From the line containing "2年生の英語の授業です。今日" down to the last line of the entries, print each line exactly and leave the pictures out.

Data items
● ● ● ●

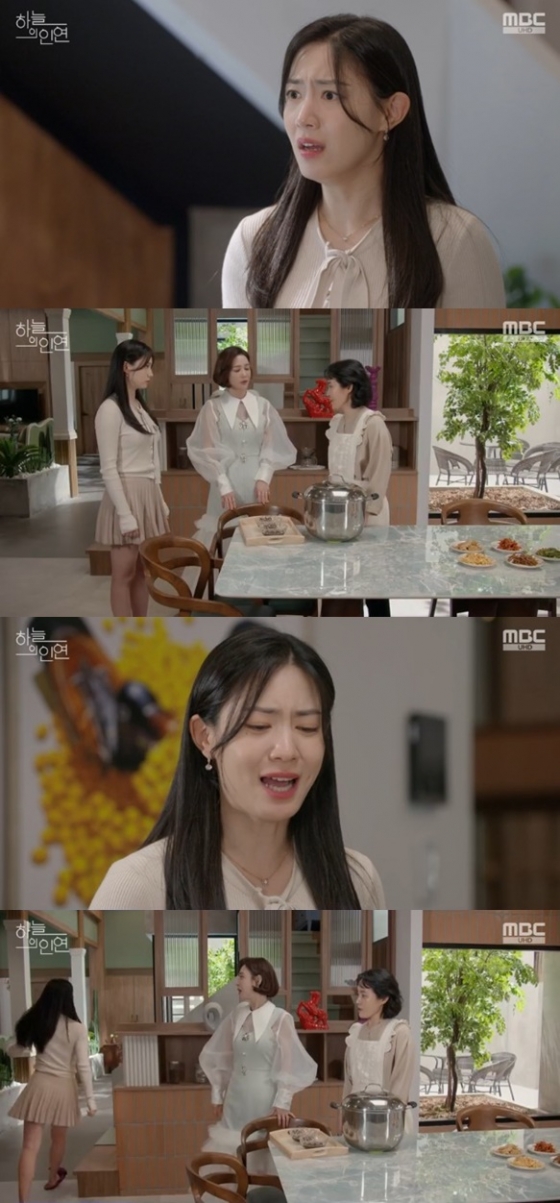 19일 오후 방송된 MBC 일일드라마 '하늘의 인연' 25회에서 강세나(정우연 분)가 하진우(서한결 분)을 오해하고 분노했다.
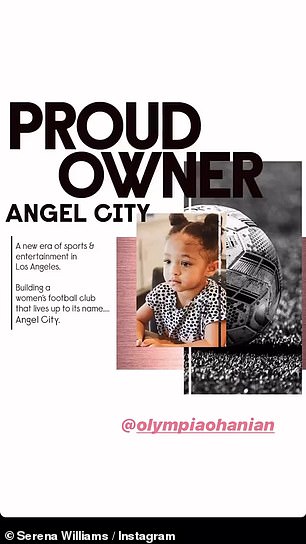 38-годишната тенисерка сподели рамка за своите 12,5 милиони следачи на „Инстаграм“, на која пишува „Горд сопственик на Angel City“ со фотографии од ќерката и фудбалска топка.
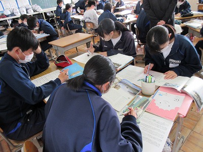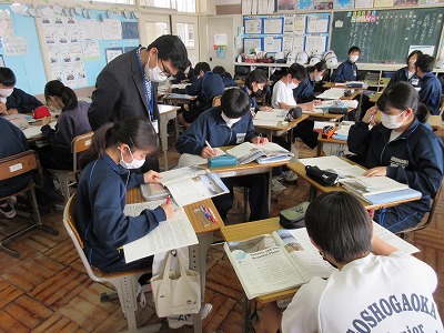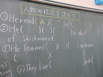 2年生の英語の授業です。今日は,教科書にある人物の伝記を読みをグループの仲間同士で読み合っています。
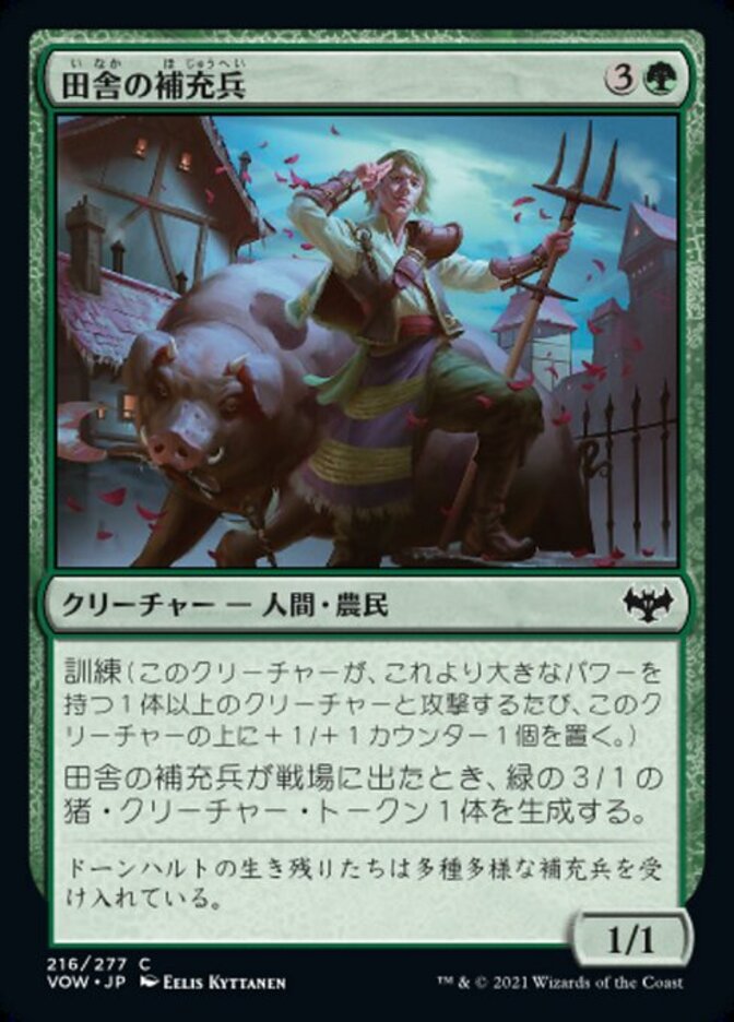 | Rules | Training (Whenever this creature attacks with another creature with greater power, put a +1/+1 counter on this creature.) When Rural Recruit enters the battlefield, create a 3/1 green Boar creature token. |
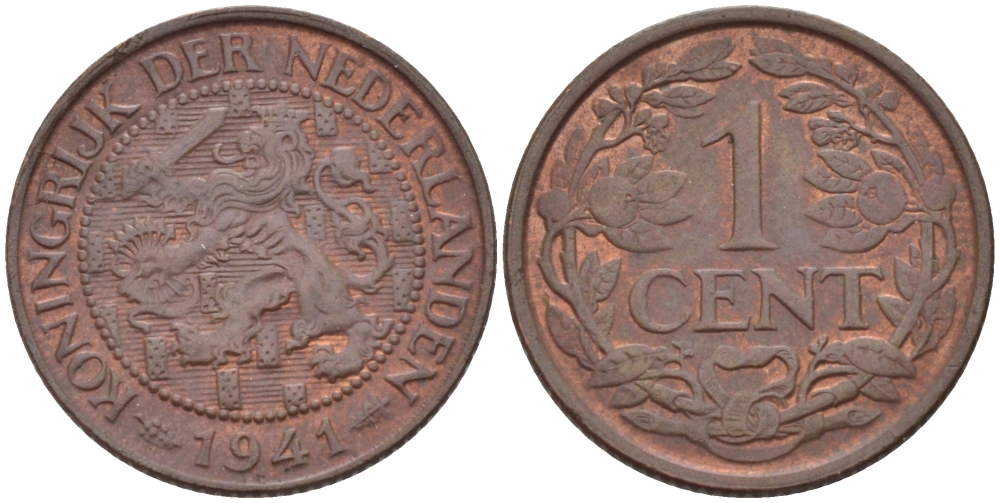 НИДЕРЛАНДЫ 1 ЦЕНТ 1941 ВИЛЬГЕЛЬМИНА (1890-1948) KM 152 бронза 39-119
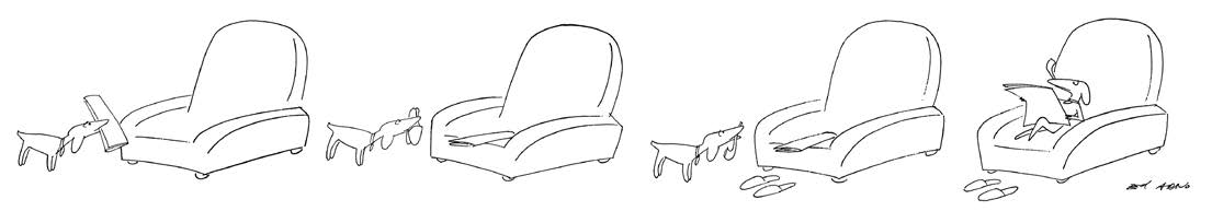 在这十年间,《纽约客》的漫画几乎很少展现类似伍德斯托克摇滚音乐节或者五角大楼游行这样的大事件。漫画家们对人与人之间不受外界影响的关系更感兴趣。通常,这些漫画家会重现杂志创刊初期的一些漫画的主题,就像好莱坞的导演反复拍摄“老西部”一样——疯狂的科学家、来自外太空的访客、打击自己古板的或自命不凡的丈夫的明智妻子、荒无人烟的孤岛、到达天国之门的人、面对法官的被告人,当然了,还有会说话的动物。

● ● ● ●

▶ _Your response_:
 2年生の英語の授業です。今日は,教科書にある人物の伝記を読みをグループの仲間同士で読み合っています。
 | Rules | Training (Whenever this creature attacks with another creature with greater power, put a +1/+1 counter on this creature.) When Rural Recruit enters the battlefield, create a 3/1 green Boar creature token. |
 НИДЕРЛАНДЫ 1 ЦЕНТ 1941 ВИЛЬГЕЛЬМИНА (1890-1948) KM 152 бронза 39-119
 在这十年间,《纽约客》的漫画几乎很少展现类似伍德斯托克摇滚音乐节或者五角大楼游行这样的大事件。漫画家们对人与人之间不受外界影响的关系更感兴趣。通常,这些漫画家会重现杂志创刊初期的一些漫画的主题,就像好莱坞的导演反复拍摄“老西部”一样——疯狂的科学家、来自外太空的访客、打击自己古板的或自命不凡的丈夫的明智妻子、荒无人烟的孤岛、到达天国之门的人、面对法官的被告人,当然了,还有会说话的动物。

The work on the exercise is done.